Fuel system cleaning service once a year $140. Transition change $200. Fuel filter. Getting radiator something today. Tune up (spark plug, wires)? Got not synthetic (3000 miles but reminder set for 2500). Got new air filter.
Why is that still there? I don’t even own that car anymore. And there’s not a date attached to it, so even if I did, I would have no clue when I’d be due for my next fuel system cleaning service. It’s just hanging there, eliciting stress and memories of ineptitude every time I scroll past.
There’s also a large percent that are just Ideas For Things I Could Do.
- Wax dye tapestry (a thing I saw on Pinterest in college)
- “Nifty as heck” cross-stitch (I’m guessing that was an inside joke at some point? and I’ve never done cross-stitch)
- Make pot pie
- Make a phone jail
- Iron Giant movie night
- “You can’t sit on your own arse” cross-stitch (a quote from a podcast, and I still don’t do cross-stitch)
- Ride bike (cause sometimes I forget that I own a bike and I need to remind myself to ride my bike)
These haunt me in the way that you’re haunted by a lazy Saturday that gets a little too lazy. The shadow of missed opportunities, of fun not had, of things unmade. I could still do them. But the initial spark of excitement has long since been snuffed out. Adjacent to this category is the Graveyard of Dreams. This includes all of my reminders to practice writing more, actually submit things to journals/websites, cool people I should’ve networked with, conversations I wish I’d initiated, etc. This is the haunting of Ebenezer Scrooge, gazing upon all that he has squandered, worn down by the weight of time and windows of opportunity that have shut.
And while those aren’t pleasant reminders to come across, the true terror, the things that truly haunt me, are…The Actual Tasks.
The ones that need to get done by a certain day, those get done and are deleted. The others…those that are important but not urgent…those linger. Those loom. I run.

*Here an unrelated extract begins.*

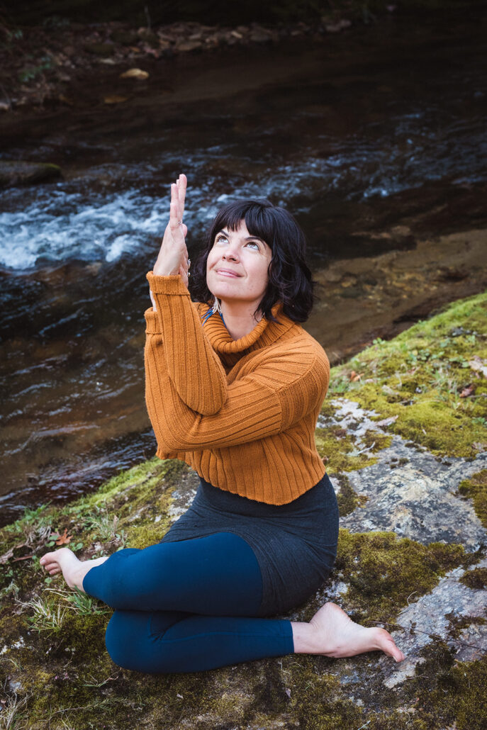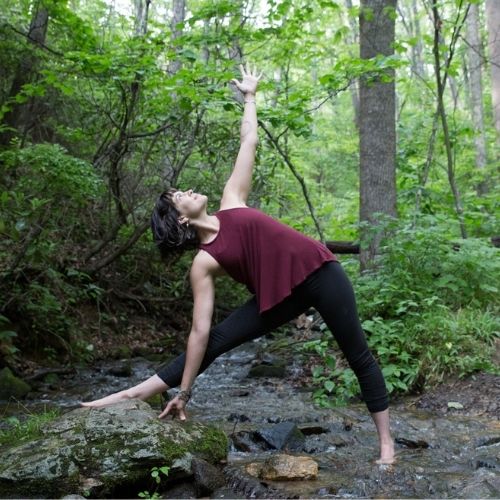 Maeve Hendrix is a yoga teacher and mental health therapist who loves integrating eco-somatics, nervous system awareness, and vast permission to experiment, play and rest into her own personal yoga practice. She has been teaching yoga for 14 years and leading yoga teacher training modules at Asheville Yoga Center for the last five years. Maeve has a private counseling practice in Asheville, NC and spends much of her free time romping and napping in the forest with her dog, Theo-Dragon.

Organize closet. Clear fridge. DMV address, credit card, clear voice memos organize desk papers clean ziploc bags read article find necklace buy gifts freeze those bagels pay mom respond to texts respond to responses to my newsletter wash the hand-wash-only clothes plan ten year reunion sew the hole in that bag sew the hole in that jacket find a dentist tithe write some letters make a budget…
These raise a shudder when their notifications go off, sometimes dinging from my phone and then laptop in a brutal one-two jump-scare series of blows that leave me reeling. So I snooze the task for another hour or punt it till the next day. But it follows. Not getting more urgent. Not getting less important. I’m haunted by Things That People Who Have Their Lives Together Should Do.
But good news: in the process of writing this I was able to cross off two things that I forgot I completed! Two down, 117 to go. Or stay… [ominous music and some raven sounds echoing throughout the foggy cemetery with a creepy looking tree off to the right]

Christina Ribbens (’19) graduated with a major in history and minors in studio art and data science. After working in campus ministry for a few years, she’s getting her master’s in public humanities at Georgetown University in Washington, DC. She has a benevolent dependency on tea, is always down for a game of pick-up basketball, and would love to have you over for pancakes sometime.
UGH you put this so perfectly. I also am haunted by a similar list but mine are in my Notes and Voice Memos apps. One thing I always enjoy about your writing are the specifics you use; they’re so specific that you’d think they wouldn’t be relatable but they DEFINITELY are… “I still don’t do cross stitch”?! SO REAL.
my notes app is where my dreams and aspirations go to die, lol..its an amalgamation of random thoughts i want to remember (potential topic for leadership thing), movies i wanna rewatch (dennis the menace), and people’s names i’m scared to forget (gym guy – Quinton; other gym guy – Joshua).